Galaxy Metal Gear, Inc. Direct Access Technology, Inc. (DAT) applied for METAL GEAR for hard drive enclosures. It had them manufactured by a company, DataStor, that had not previously been making this type of enclosure. DataStor breached its exclusive arrangement with Galaxy DAT and sold the same enclosures with the same mark to the opposer. The opposer then alleged fraud in its opposition, claiming, unsuccessfully, that Galaxy DAT wasn’t the owner of the mark but simply a “mere importer and distributor” of the manufacturer’s goods.
The TTAB referred to the relationship between
Galaxy DAT and DataStor as “OEM,” a term commonly understood to refer to goods manufactured by one company and sold to another to be retailed under the purchasing company’s brand name. Indeed, the relationship between the manufacturer and the trademark owner here looks like a standard OEM arrangement to me:
|Q: At the time the application was filed, do you believe that Metal Gear was DAT’s trademark?
Q: How about today?
A: Still is.
Q: Why do you believe it’s DAT’s trademark?
A: Because we came up with the brand name and we contact the manufacturer to manufacture product for us under the brand name.
Q: Who set the specifications for the product?
A: I did. DAT did.
Q: Did you personally come up with the specifications for the product?
Galaxy DAT also used several manufacturers and instructed them all to put the mark on the goods.
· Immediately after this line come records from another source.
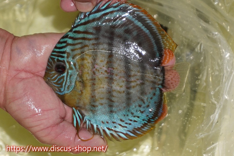 グリーンディスカスの中でも最もバリエーションが豊富でラージスポットタイプ、スポットラインタイプをはじめ、ロイヤルラインタイプなどの極上個体。またベースカラーの黄色、ホリゾンタルラインの青み、スポットの赤と最もカラフルな種となります。仕上がれば改良品種顔負けのど派手なパターンを持つ魅力的な産地の個体となります。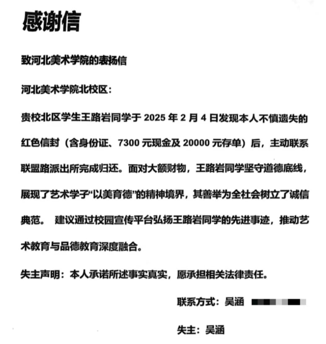 事情发生在寒假期间。王路岩同学与朋友从柏林禅寺返程途中,意外拾得一个红色信封,内有身份证、7000余元现金及一张2万元存单。面对如此财物,王路岩同学毫不动心,毫不犹豫地选择了报警,并将信封原封不动地上交公安机关。警方迅速联系到失主吴先生,帮助其挽回了全部损失。吴先生在得知财物被BEAT365唯一官网学生拾获后,感动不已,高度赞扬王路岩同学坚守道德底线,传递信任与温暖,展现了BEAT365唯一官网学子“以美育德”的精神境界。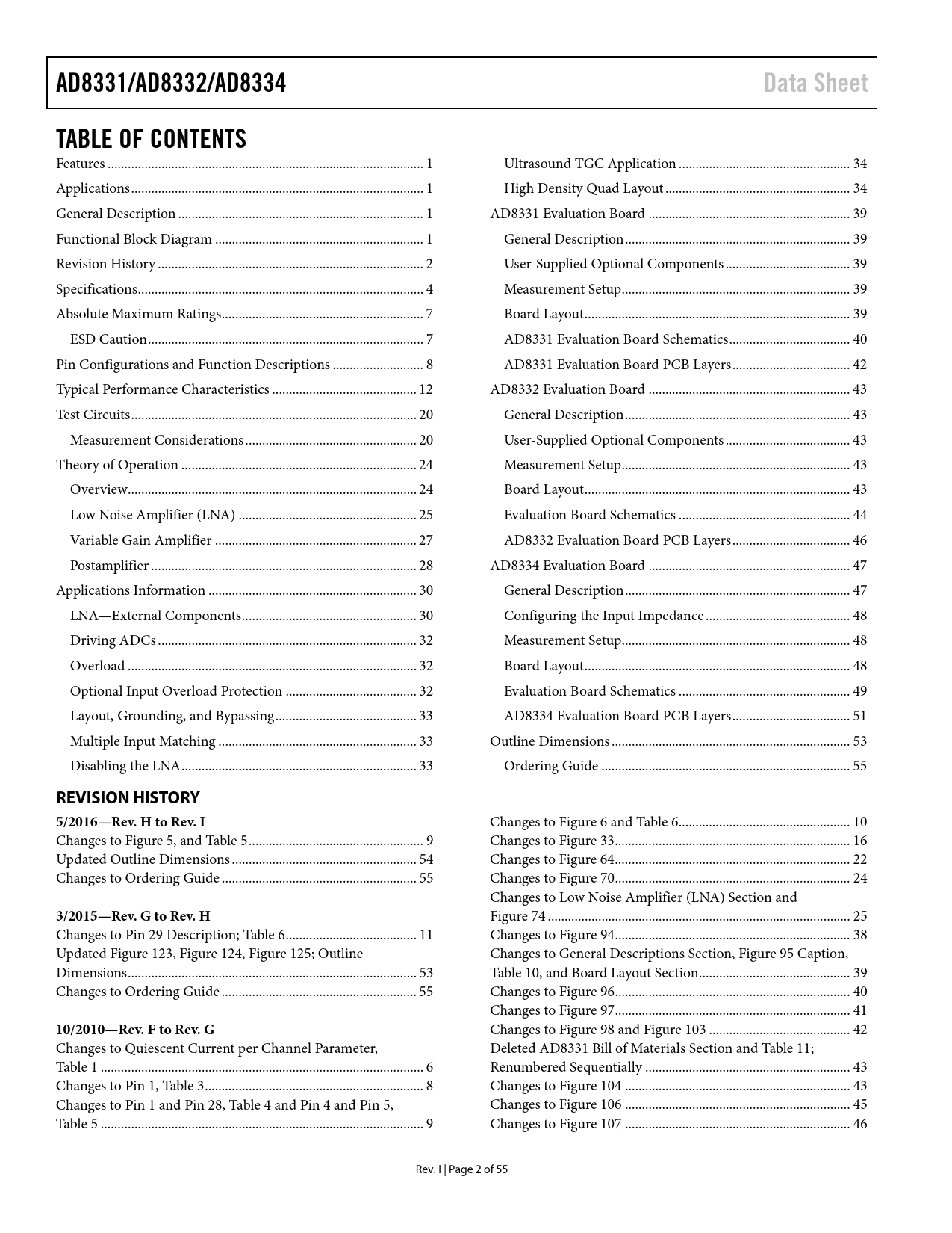 Pages / Page55 / 2 — AD8331/AD8332/AD8334. Data Sheet. TABLE OF CONTENTS. REVISION HISTORY …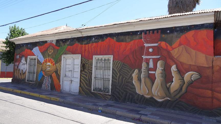 Mural donde se ven reflejadas las riquezas del valle de elqui, desde su riqueza natural y el legado de nuestros antepasados.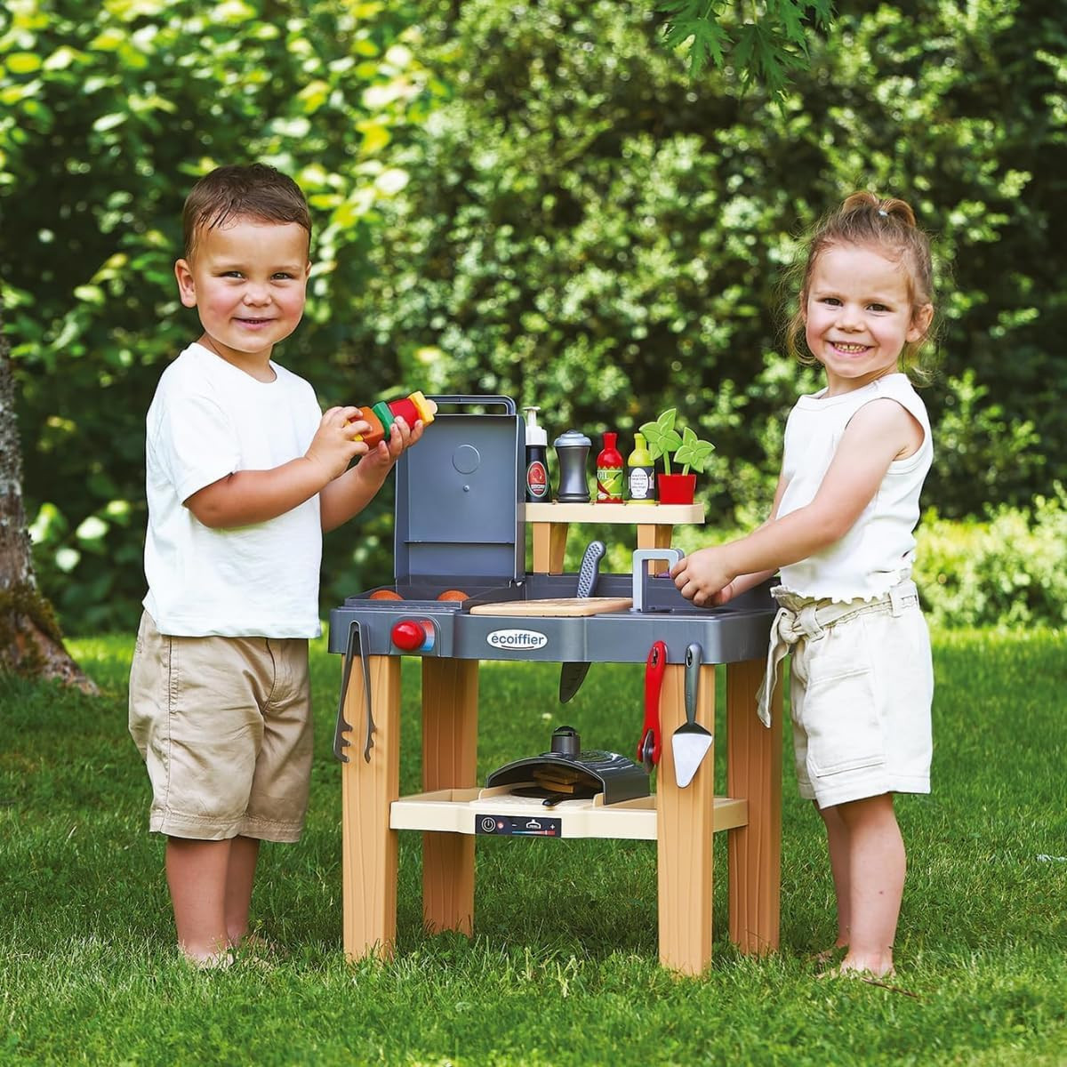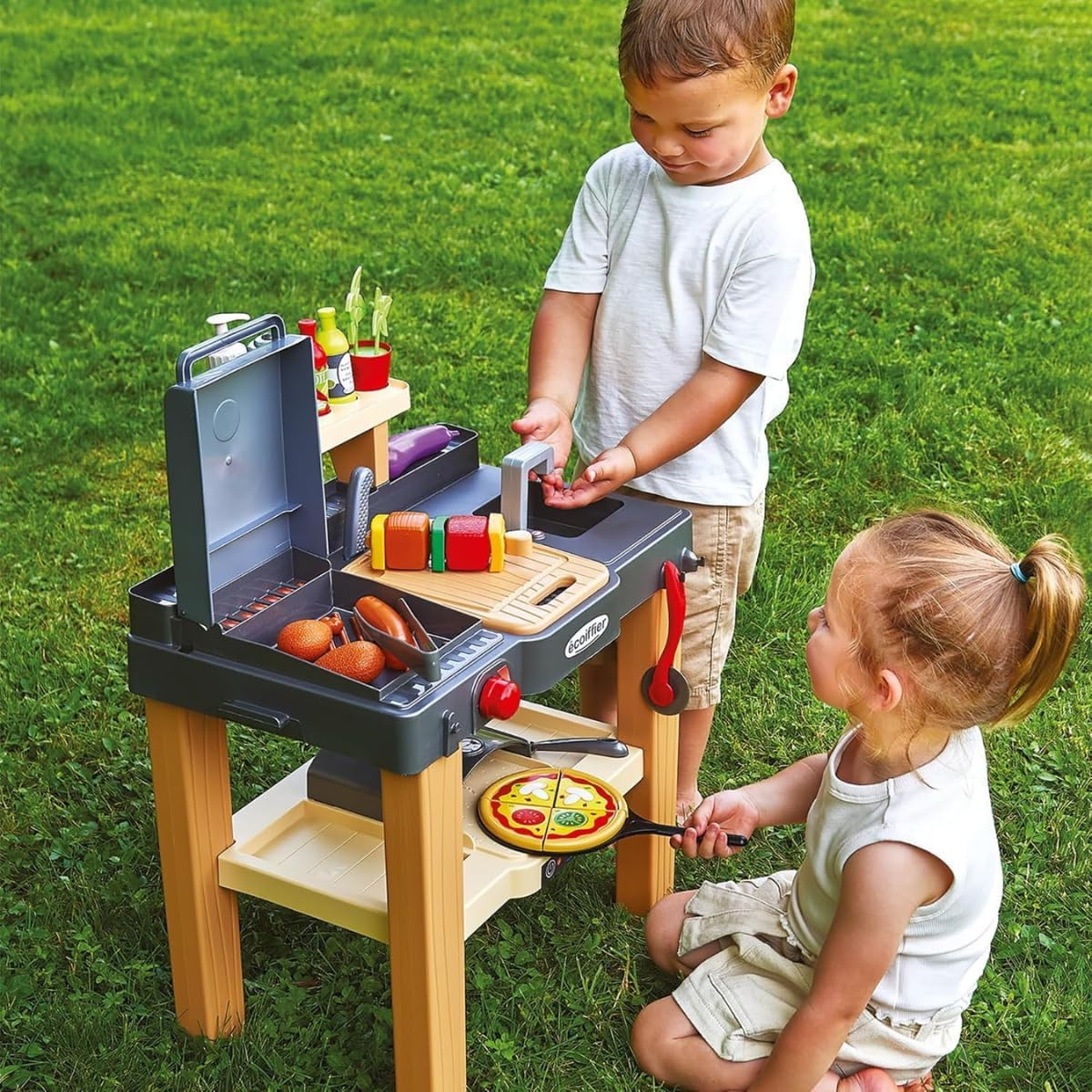 Cuisine d'été composée d'un four à pizza, d'une plancha, d'un espace de découpe, d'un évier et de nombreux accessoires et aliments pour cuisiner. Dès 18 mois. Origine France Garantie.

Galaxy DAT thought up the mark, spec’d the goods, and arranging for manufacturing with several companies – in other words, did what every brand name company who manufactures offshore does. The opposer then bought unauthorized goods and had the nerve to claim that the cheating manufacturer owned the mark. I should hope a fraud claim wouldn’t fly.
* Thanks to Anonymous, commenting on the TTABlog, for catching the Galaxy-DAT error, now corrected. Whoops. Teach me to blog too late at night.
Galaxy Metal Gear, Inc. v. Direct Access Tech., Inc., Opp. No. 91184213 (TTAB August 10, 2010).